RAW DATA —
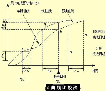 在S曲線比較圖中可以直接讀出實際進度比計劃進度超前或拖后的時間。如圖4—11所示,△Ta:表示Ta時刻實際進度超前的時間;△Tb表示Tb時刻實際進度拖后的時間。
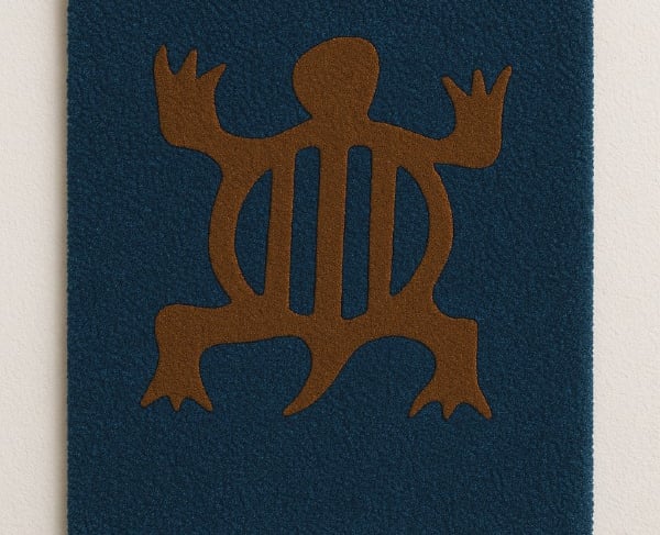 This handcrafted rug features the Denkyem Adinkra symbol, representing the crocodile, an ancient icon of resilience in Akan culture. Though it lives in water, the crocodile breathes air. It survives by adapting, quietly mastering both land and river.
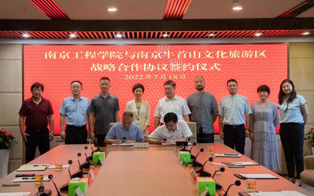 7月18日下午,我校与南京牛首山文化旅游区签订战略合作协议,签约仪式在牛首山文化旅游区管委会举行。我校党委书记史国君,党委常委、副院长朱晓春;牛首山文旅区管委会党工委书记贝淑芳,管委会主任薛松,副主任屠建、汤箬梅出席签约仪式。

EXERCISE DIRECTIONS — Everything in the material except the pictures should be restated word for word.

COMPLETED TASK —
 在S曲線比較圖中可以直接讀出實際進度比計劃進度超前或拖后的時間。如圖4—11所示,△Ta:表示Ta時刻實際進度超前的時間;△Tb表示Tb時刻實際進度拖后的時間。
 This handcrafted rug features the Denkyem Adinkra symbol, representing the crocodile, an ancient icon of resilience in Akan culture. Though it lives in water, the crocodile breathes air. It survives by adapting, quietly mastering both land and river.
 7月18日下午,我校与南京牛首山文化旅游区签订战略合作协议,签约仪式在牛首山文化旅游区管委会举行。我校党委书记史国君,党委常委、副院长朱晓春;牛首山文旅区管委会党工委书记贝淑芳,管委会主任薛松,副主任屠建、汤箬梅出席签约仪式。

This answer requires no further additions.